El suelo de madera fría le robó el calor a su espalda. Elena permaneció allí, entre los libros de historia antigua, con el olor a polvo de siglos mezclado con el aroma acre y nuevo del sexo, el sudor y su propio orgasmo. Los músculos de sus piernas temblaban todavía, espasmos involuntarios que recordaban la intensidad de lo que acababa de vivir. La pareja ya se había ido, sus pasos rápidos y silenciosos desvaneciéndose entre los estantes, dejándola sola con la ropa hecha un desastre y un cuerpo que se sentía a la vez extraño y gloriosamente suyo. Se incorporó lentamente, los huesos crujiendo, y se vistió con movimientos torpes. El aire en la biblioteca parecía diferente ahora, más denso, cargado de secretos que ella ya no solo observaba, sino que compartía.
Durante las semanas siguientes, los encontró varias veces más. No había planes, no hay citas. Era un entendimiento silencioso, una coincidencia que se repetía casi siempre en el mismo rincón, entre los tomos más antiguos y olvidados. Los encuentros eran casuales, un torbellino de piel, respiraciones contenidas y manos ansiosas. A veces, la chica la besaba con una ferocidad que le quitaba el aliento, mientras el chico la tomaba por detrás, sus dedos hundidos en la carne de sus caderas. Otras veces, era Elena quien arrodillaba, aprendiendo el gusto y la textura de otro cuerpo, escuchando los gemidos ahogados que se perdían entre las páginas polvorientas. Era un juego excitante y peligroso, y Elena se sumergió en él con una avidez que la asustaba y la emocionaba a partes iguales.
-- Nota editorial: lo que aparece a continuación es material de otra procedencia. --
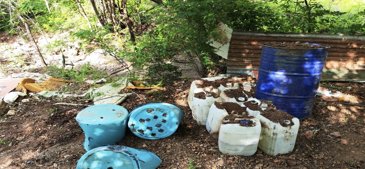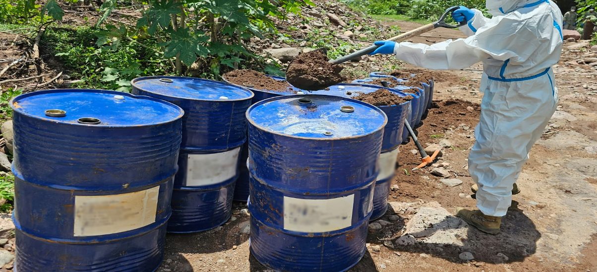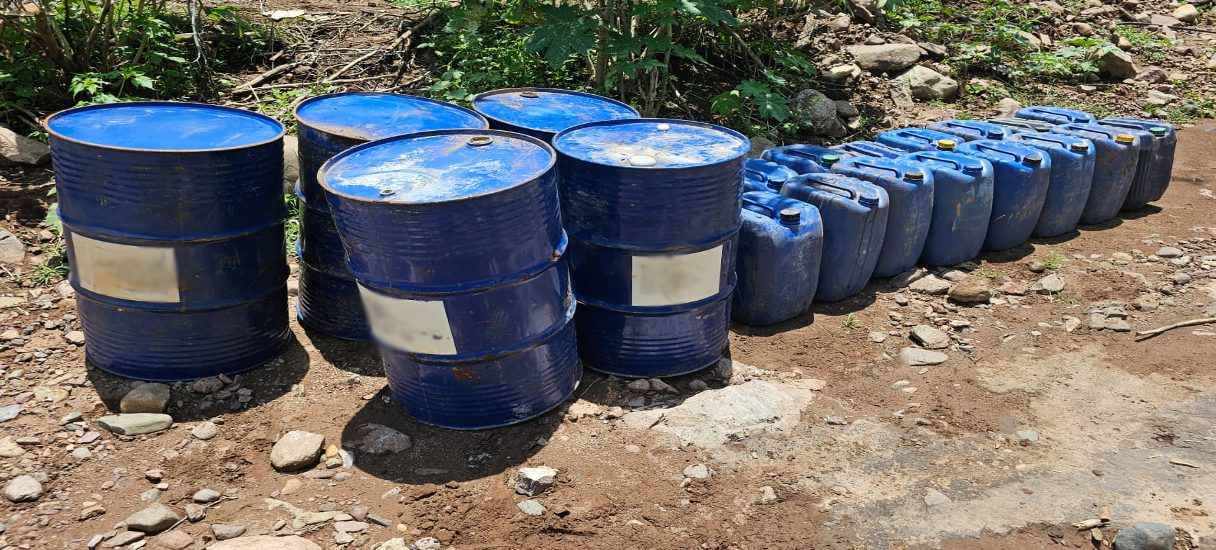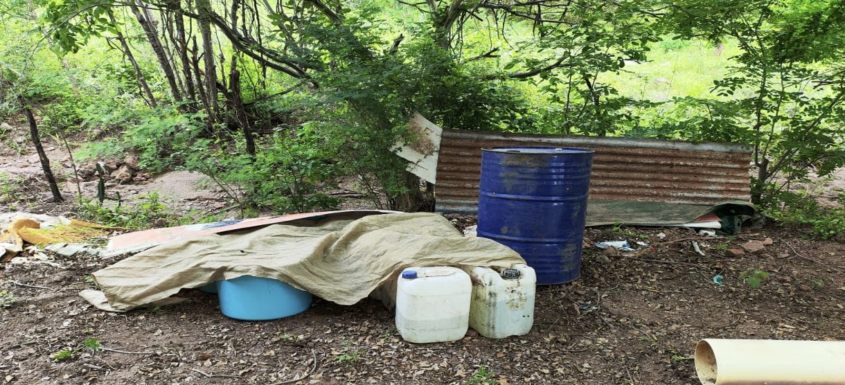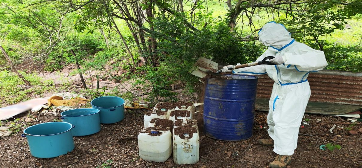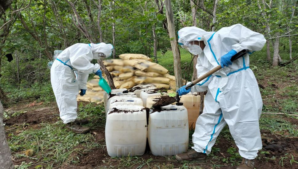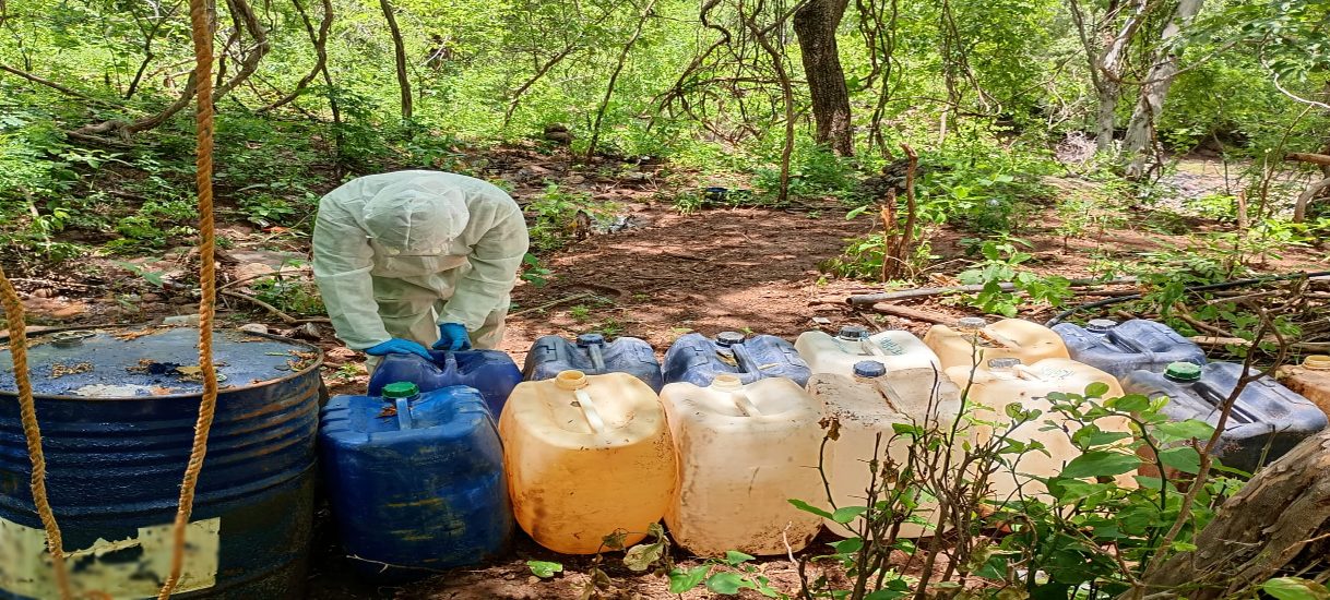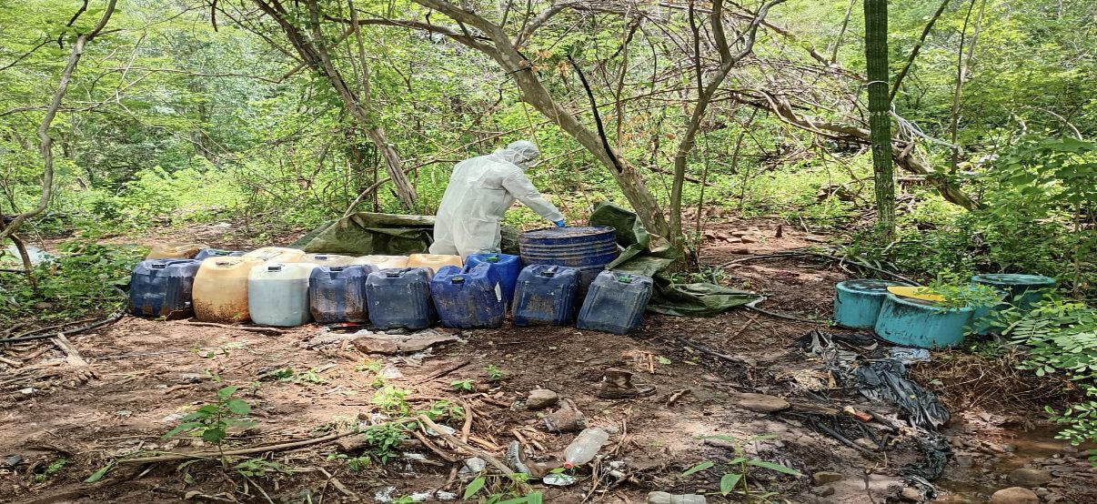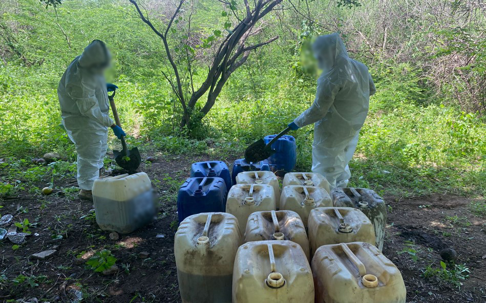 También en Culiacán, Sinaloa, en los poblados Corral Viejo, Agua Blanca y El Limoncito, elementos del Ejército Mexicano localizaron cuatro áreas de concentración de material diverso para la elaboración de metanfetamina, aseguraron 3,380 litros de sustancias químicas.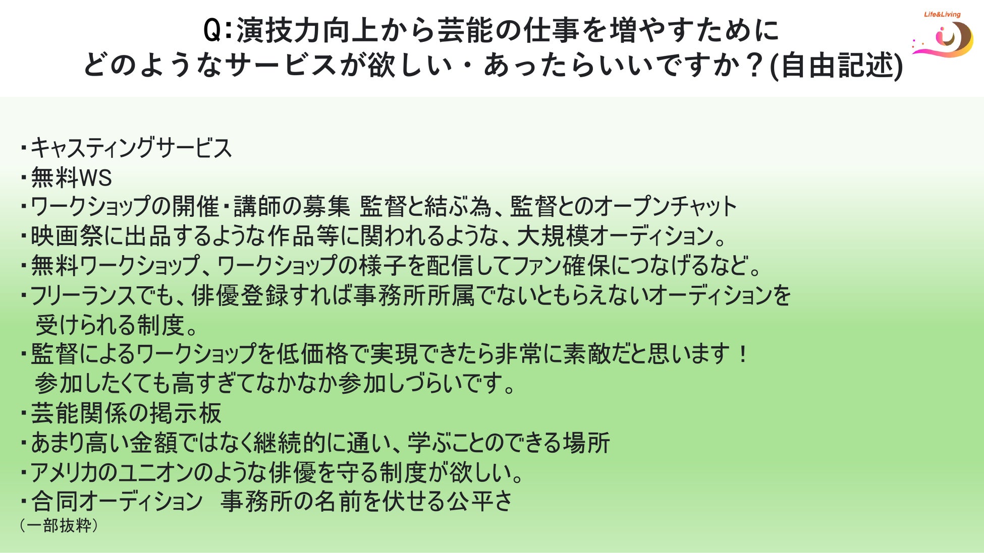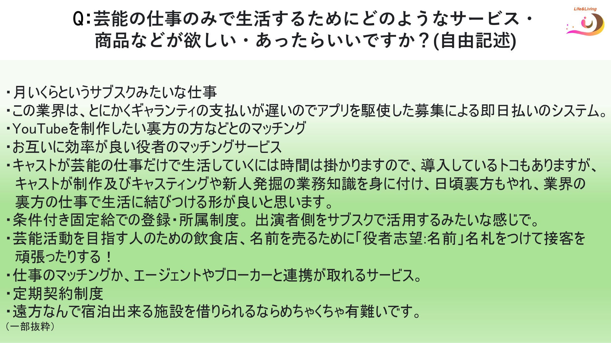 自由記述で芸能の仕事のみで生活するために欲しいサービス・商品などを尋ねた。すると、数々の面白い意見が出た。「サブスクのように役者を出演させることができる」アイディアや「裏方の仕事のマッチ」、「定期契約制度」などの意見が挙がった。本来は業界側が考え、改善しなければいけないことのはずだが、役者側のこのような想いを、映像業界・関係者がどれだけ受け取れるかが肝になるだろう。

Pero un día, ya no estaban. Esperó, su rutina de voluntaria se convirtió en una patrulla silenciosa, pasando una y otra vez por su escondite, pero el rincón permanecía vacío, impasible. Pasaron días, luego una semana. Elena suspiró entre los estantes de filosofía, pasando los dedos por el lomo de un libro de Kant. «Fue bueno mientras duró», pensó para sí misma, una pequeña nota de resignación en su mente. Sin embargo, incluso mientras pensaba eso, una sensación inquietante se instalaba en lo más bajo de su estómago, un calor que no tenía nada que ver con la poca ventilación del edificio. No era solo la emoción de ver, se dio cuenta. Era la necesidad de hacer, de sentir, de tomar.
Lo bueno de conocer cada centímetro de la biblioteca era que sabía exactamente dónde encontrar lo que buscaba. Se alejó de la sección de historia y se dirigió a un rincón más alejado, cerca de los archivos de arte, donde se guardaban los libros menos prestados. Allí encontró su nueva fascinación: una colección de manuales de sexo antiguos, con ilustraciones explícitas que la hacían ruborizarse y mojarse al mismo tiempo. Xilografías detalladas mostraban posturas que nunca había imaginado, bocas y lenguas explorando cada recoveco del cuerpo humano con una precisión clínica que resultaba increíblemente excitante. Pasaba horas allí, escondida, dejando que sus ojos se alimentaran de las imágenes mientras su mano se deslizaba bajo su falda.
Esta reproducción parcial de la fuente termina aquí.